Incendiary (Hollow Crown #1)(84)


Leo is unusually quiet as he leads me to her quarters and deposits me at the door. Lady Nuria’s room is in the same tower as mine, but one floor below, a not-so-subtle jab at the change in her social station. But there are no guards posted in front of her rooms.

Lady Nuria is waiting for me wearing nothing but a robe. Her hair tumbles down her back in loose curls. Her feet are bare, but that’s hardly the most scandalous thing she’s done since I’ve met her.

I hate that she makes me feel unbalanced. She is not the person I was expecting. This would be so much easier if she were like Lady Borbónel and the others. I could hate her on sight instead of feeling this pull of her kindness the way I felt with Sayida.

“Sit, Renata,” Lady Nuria says, dropping the formalities. “May I call you Renata?”

“Yes. I am no lady, after all.”

The living room is decorated in simple shades of gray and brown with the occasional green. There is none of the decadent lace or velvet of the rooms I’m staying in. I suppose that’s what happens when you marry someone dedicated to an order of hate.

On the center table is a spread of summer fruits, a carafe of blush wine, a glass teapot with jasmine brewing inside it, delicate confectioneries, and pastries.

She plops a grape into her mouth. “Please, eat. I have it on good authority that you are particularly fond of grapes.”

I shiver in the strange draft of this room despite the shut glass panes and the heat outside. The words escape my mouth before I can stop them.

“Why are you so—” I pause, realizing how they will sound.

“Don’t be shy. I have been called many things.”

“Kind,” I say, whirling around to see her standing in front of me, holding a goblet of wine and offering me another. Her eyes are black and luminous, like beads made of night sky. “How can you be so kind?”

“I choose it,” she says. “But don’t confuse it for weakness. Castian never did.”

Lady Nuria owes me nothing. She is not my friend, and before learning of her engagement with the prince I didn’t think of her as anything more than an heiress. But I can’t understand how someone like her could care for Castian so much. Surely she’s knows what he’s done.

“Why did you return to this palace if you hated Prince Castian?” she asks, stepping around me to return to her table.

“I don’t—”

“All I ask is that you be honest with me about this. I told you. Your emotions are practically written on your face.”

I’m strangely relieved someone is breaking through my fa?ade. I am tired of walking these halls and eating in these rooms and playing a role that has returned all too easily. To tell this girl that I want to kill the prince would only result in my own defeat. And yet, I can respect her. Everything I’ve seen her do is a small defiance of the crown.

“I have nowhere else to go,” I say. “And I am under the order of Justice Méndez.”

“You could have procured forged papers and passage to other kingdoms.”

“I had the chance. It’s almost hard to determine what I’m more afraid of, dying here or starting over somewhere completely unknown.”

“Starting over is never easy. But you chose the most difficult thing anyone can do. Facing your past.”

Can she see through me this easily? Méndez doesn’t seem to be able to. Or is he playing a part, the way Leo once graced a stage?

“I helped spill a lot of blood here. At the very least, I am rooted to Puerto Leones in more ways than I can understand. Even if it does not want me.”

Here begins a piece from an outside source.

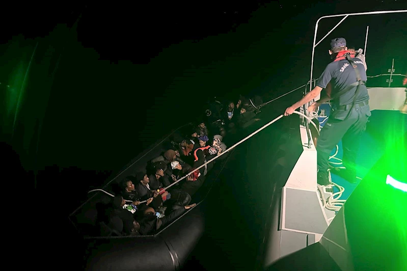 Sahil Güvenlik Komutanlığı ekipleri, Çeşme açıklarında durdurdukları lastik botta, 17'si çocuk 41 düzensiz göçmeni yakaladı. Göçmenler, işlemlerinin ardından İl Göç İdaresi Müdürlüğüne gönderildi. (İLKHA)
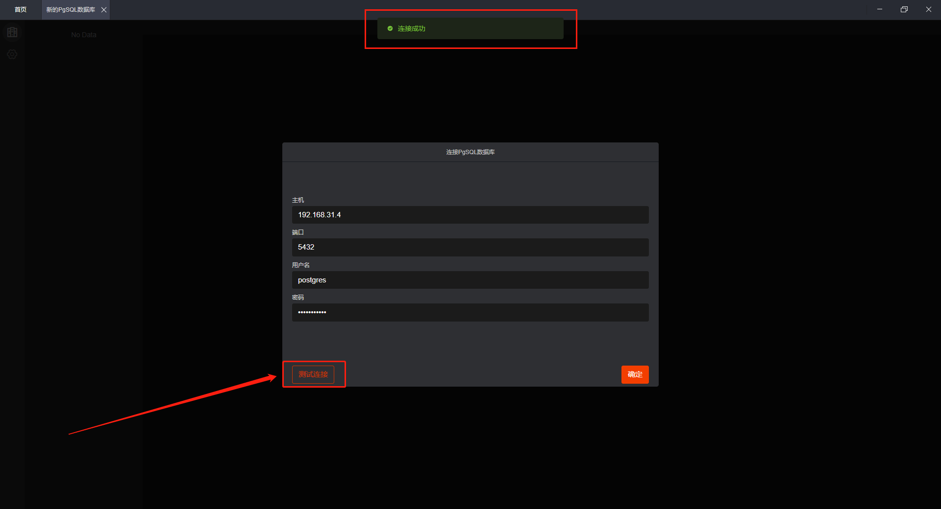 在“连接 PgSQL 数据库”弹窗下方有一个“测试连接”按钮,可以用来测试我们填入的参数信息能否成功连接到数据库。数据库连接测试成功后,点击“确定”。如果测试失败,请检查参数信息是否填写正确,并重复测试连接操作。

She takes a deep breath. The fireplace crackles with orange flames in the corner of my eye, but somehow I can hear the sharp whistle of wind coming from somewhere. It does not make sense that a girl who is descended from queens would be in this grim and drafty room, but she does not complain. I drink the bitter wine and sniff back the sting in my nose.

“You know you can’t get them back,” I tell her. “The memories.”

She turns her face to the light-filled window opposite the citadela below us and drinks. “I know quite well how your power works. I should tell you, the memory is of Castian.”

“I figured as much.” I bite my bottom lip. Though she is not like other royals I’ve come across, I need to tread carefully when I talk about the prince. “It must be difficult to defend him after you were subjected to humiliation when he ended your engagement.”

Lament fills her eyes. She looks pretty even when she’s sad. “I was impetuous. I was spoiled. I thought I had it all. Others in my position have to choose between an advantageous union for their families or love. I was lucky to have both for a while.”

“And then?”

“He broke my heart. People talked as they always do, and I was made a villain. And yet, I know him. I know the boy I grew up with. Together we mourned the deaths of everyone he loved.”

I stiffen at the sentiment, trying to picture a murderer in mourning. When he killed his brother, did he mourn then as well? As if she were a Ventári herself, Lady Nuria nods her head.

“Yes, including his brother, despite what the rumors may say. The prince knew nothing but violence at the hands of his father. It chipped away at him. Changed him. When he came back from the Battle of Riomar, the change was magnified threefold. We tried but it didn’t work. Sometimes I wonder if only I had tried harder. Done more. But I don’t know how to help him. Didn’t know, I should say. Do you have many regrets, Renata?”